Disney animated musical Encanto puts family values at the heart of the story

Encanto is Disney's 60th animation

ENCANTO (PG, 109 mins) Animation/Musical/Fantasy/Adventure. Featuring the voices of Stephanie Beatrix, Maria Cecilia Botero, Angie Cepeda, Carolina Gaitan, Jessica Darrow, Diane Guererro, John Leguizamo. Directors: Jared Bush, Byron Howard, Charise Castro Smith.

In cinemas now.

Rating: Four stars

HAMILTON creator Lin-Manuel Miranda caps off an exceedingly busy year in front of and behind the camera by composing the original songs for Jared Bush, Byron Howard and Charise Castro Smith's computer-animated musical fantasy.

Surprisingly, his exuberant and lyrically ingenious songbook lacks a bona fide earworm to elevate Disney's 60th animated adventure above his toe-tapping work on Moana or usurp husband and wife duo Robert Lopez and Kristen Anderson-Lopez's haunting melodies on the Frozen films.

What Encanto lacks in instantly hummable tunes it compensates with the vibrant colours and traditions of Colombian culture, brought to life with impeccable artistry and cute visual flourishes including an enchanted home that communicates emotions by moving its window shutters and floor tiles.

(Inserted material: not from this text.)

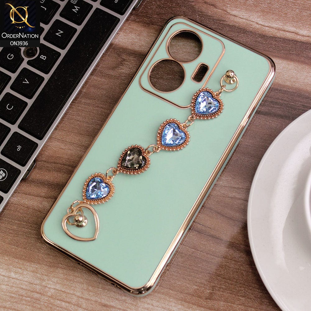 Vivo Y55 4G Cover - Sea Green - New Electroplating Silk Shiny Camera Bumper Soft Case With Heart Chain Holder

The film's spunky heroine, Mirabel (voiced by Stephanie Beatrix), continues the studio's line of spirited, independent women, who proactively change their fortunes and harness inner strength without seeking permission from a man.

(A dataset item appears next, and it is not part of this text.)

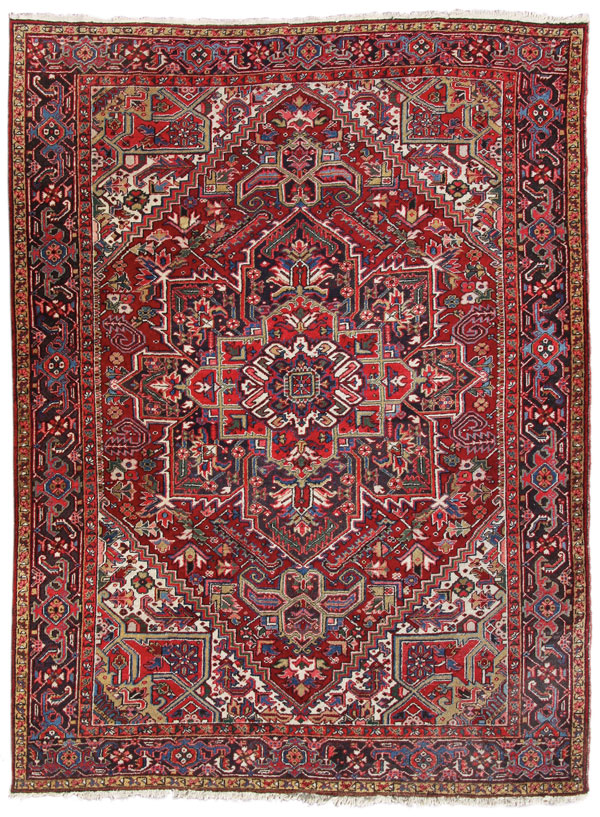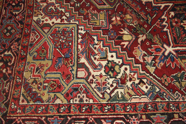 A GOOD HAND WOVEN PERSIAN "HERIZ" ROOM SIZED ORIENTAL CARPET, CIRCA 1930'S-40'S.Finely woven with a large central medallion in geometric stylized florals designs. 97 inches x 125 inches (246 x 317.5 cm).

As one relative tenderly counsels: "You're exactly what this family needs. You just need to see it."

During a subsequent quest for self-empowerment, heartstrings are repeatedly plucked by Bush and Castro Smith's script and composer Germaine Franco's musical score swells to the point of bursting.

A mountain town in Colombia is home to successive generations of the Madrigal family led by imperious matriarch Abuela Alma (Maria Cecilia Botero).

She is custodian of a magical candle, lit in her darkest hour when her husband sacrificed himself to protect their kin from harm.

The flickering totem bestows special powers to the Madrigals when they come of age.

Abuela's daughter Julieta (Angie Cepeda) can heal wounds with her cooking, her other daughter Pepa (Carolina Gaitan) manipulates the weather with her moods, while estranged son Bruno (John Leguizamo) can divine the future.

The only member of the household not to be blessed by the candle is Julieta's youngest daughter Mirabel.

When the family's home comes under threat from a dark force, Mirabel steps out of the shadow of her gifted siblings - super strong Luisa (Jessica Darrow) and impossibly perfect Isabela (Diane Guererro) - to seek the key that will protect her loved ones.

Encanto is festooned with fierce yet flawed female characters and, in a timely reversal of fortunes, male counterparts are given exceedingly short shrift and often fade into the luxuriously painted background.

An energetic opening musical number explaining the Madrigal family tree barely pauses for breath, establishing a sprightly tempo matched by slickly engineered action sequences.

The film doesn't deviate from a path well trodden by previous Disney animations but plays to its strengths, placing family values at the heart of a story that beats defiantly in the face of adversity.